Companies that deal with confidential information choose to handle their security differently. Some businesses will cut off internet access to individuals with access to sensitive information due to the nature of the work. While this protects against a security breach, it simultaneously limits the employee’s ability to do their job, such as utilizing publicly available forums to troubleshoot problems they encounter.
Sadler founded Tessian back in 2013, striving to combat this problem and create a seamless security system that empowers users to utilize computers without worrying about security breaches. Tessian enables people who aren’t computer experts to feel comfortable using computers. Employees can utilize the most modern systems and access data that help them do their job. Even better, a company is set up for success without countless hours of security training exercises every month. The future of work is transformed with this software, as employees can confidently engage in email conversations and digital transactions without the downside of being hacked and losing information.
The fundamental goal of Tessian is to protect humans from those “oh shit” moments. Sadler helps us understand email security threats and how Tessian provides security using machine learning to predict when emails are sent to the wrong people.
Diverse Background Attributing to A Unique Career
A man of many talents, Sadler is the co-founder of Tessian, an email security startup. Sadler’s innovation in the field of technology can be attributed to his impressive, diverse background. He holds multiple engineering degrees, including a Master of Engineering in Mechanical Engineering and Innovation Design Engineering from the Imperial College of London. While this engineering background provided Sadler with the tools and craft to develop innovations in the technology industry, he is also incredibly creative, as demonstrated by his additional Master of Arts degree in Innovation Design Engineering. This combination of science and art has enabled Sadler to approach technical problems creatively, leading to innovations that have created the top human layer electronic mail security platform on the market.

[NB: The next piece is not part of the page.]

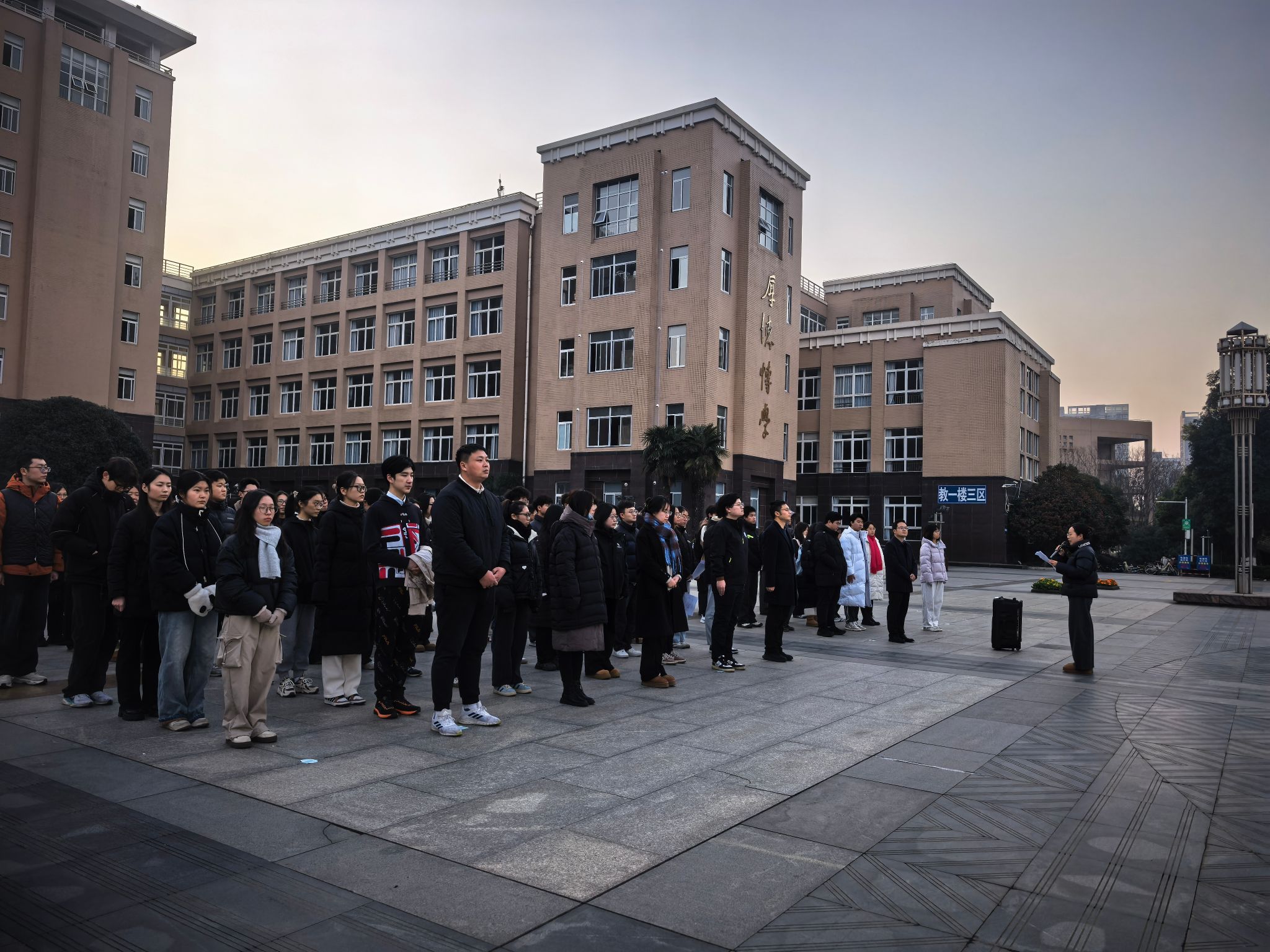 升旗仪式后,思政课教师代表董佳如老师以“赓续伟人精神,勇担青春使命”为主题发表演讲。今年正值毛泽东同志诞辰132周年,董老师深情回顾了毛泽东同志作为马克思主义中国化开创者的伟大贡献,并围绕“坚守信仰初心”“锤炼专业本领”“传承奋斗精神”三点,对学生提出殷切期望。她强调,青年学子要深入研读《实践论》《矛盾论》等经典著作,在实践中感悟真理力量,将个人学术追求融入国家发展大局,以青春之我书写马克思主义理论传承与创新的时代华章。

The first idea for Tessian was born at the beginning of Sadler’s career while he was working in the finance department in one of the world’s largest banks. Although the bank utilized cybersecurity technology and software to secure the organization's network, devices, and endpoints, during his time at the company, Sadler noticed a paradox in the enterprise that he thought needed to be solved. He noticed that even though the company was so large its resources were unlimited in terms of the money they could spend on security products, and its systems lacked the technology that secured people and their interaction with the digital systems in the bank.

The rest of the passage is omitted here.